Test case claimants in case against the British government (left-right), Jane Muthoni Mara, Paulo Nzili, Ndiku Mutua and Wambugu wa Nyingi outside the High Court in central London, on April 7, 2011. 

"Four of the test case claimants, Ndiku Mutua, Paulo Nzili, Wambugu wa Nyingi and Jane Muthoni Mara, who are in their 70s and 80s, have flown 4,000 miles from their rural homes for the hearing.

"Last week (April, 2011) the judge, Mr Justice McCombe, heard Mutua and Nzili had been castrated, Nyingi spent two years in manacles before being beaten unconscious during an incident at a British detention centre in which 11 other men were clubbed to death, and Mara had been subjected to severe sexual violence."

This is just a very brief recounting of the history of the Kenya police, created by the British who went to Kenya because of its resources as they scrambled for Africa in the 19th century with other colonial powers. The British forced Indigenous farmers and herders onto infertile land or made them work on European-owned farms and plantations. They created unprecedented ethnic conflict between various groups in their divide and conquer campaign and then created police forces to protect their interests. 

British rule in Kenya was characterized by brutal working conditions, state-organized racism, brutal labour practices, forced resettlement and brutal criminalization and treatment, all based on protecting British interests and the authority of British rule.

Kenya's Military

With the Canadian government continuing to play a nefarious role in the international intrigues against the Haitian people and the peoples of the Caribbean, the holding of the Canada-CARICOM Summit in Ottawa is sure to be used to further the aim of the U.S. administration to undermine the struggles of the peoples of the Caribbean. It will continue to push the imperialist narrative about "democracy," "rules-based international order," security and human rights as a cover for the opposite, the strengthening of foreign political, economic and, in the case of Haiti, military/police dictate.

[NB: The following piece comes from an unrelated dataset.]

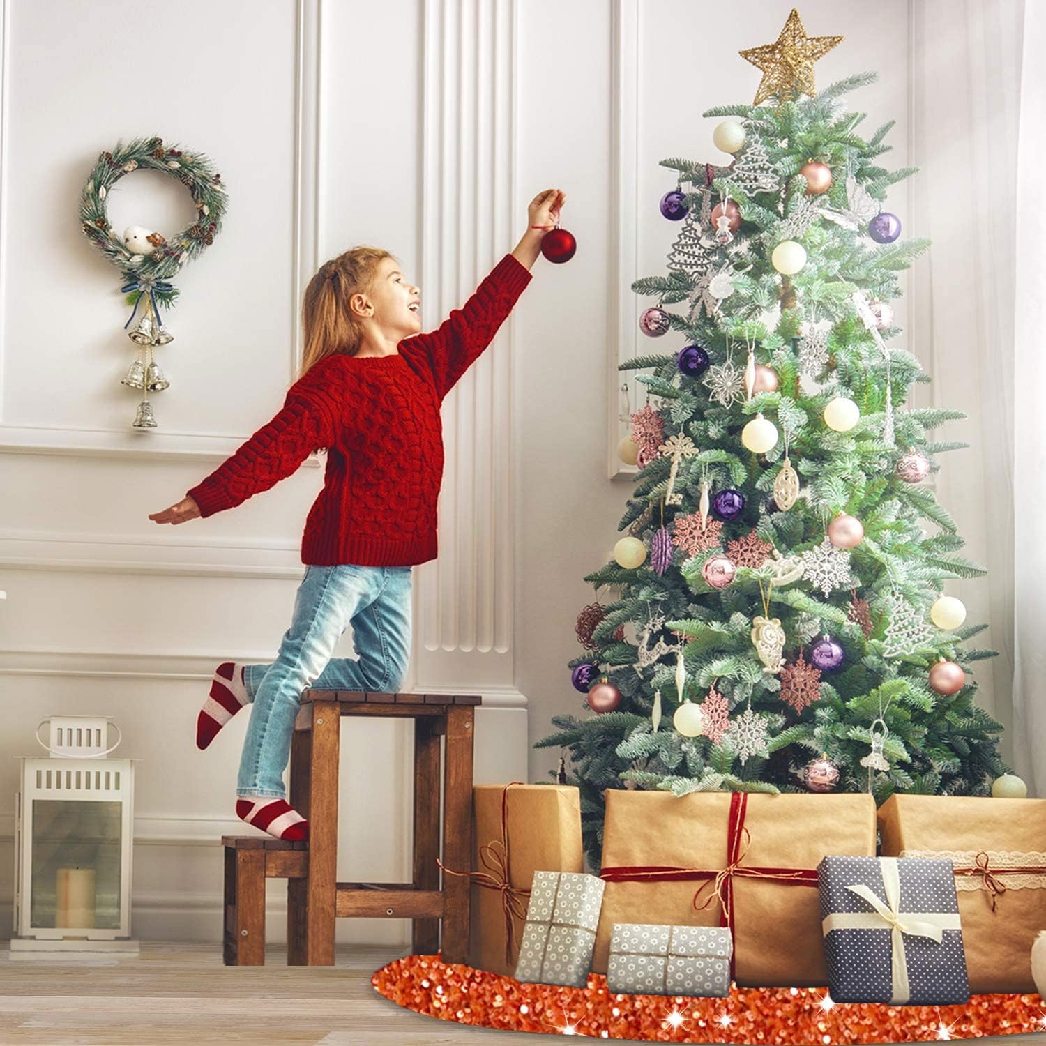 - âď¸ăSturdy Material - Orange Christmas Tree SkirtăOur Chritmas sequin tree skirts are made of premium 5mm sequin fabric and thick velvet material, which can show bright color at any angle. Different from the traditional sequin Christmas tree skirt, this Christmas tree mat won't fall off sequins, more elegant and shiny, adding festive fun to your home.

Given this situation and the role that the Kenyan police are now being brought in to play, it is also instructive to look at the Kenya Defence Forces (KDF) and the role Kenya's military plays on behalf of the major powers. The website of the KDF says its participation in what it calls peace operations "also exposes the KDF to strategic partnerships with militaries from developed countries which assist in building structural capacities in the ever-evolving modern warfare (including asymmetric warfare currently employed by terrorist groups) as well as opening avenues of access to training facilities and the latest hardware through grants."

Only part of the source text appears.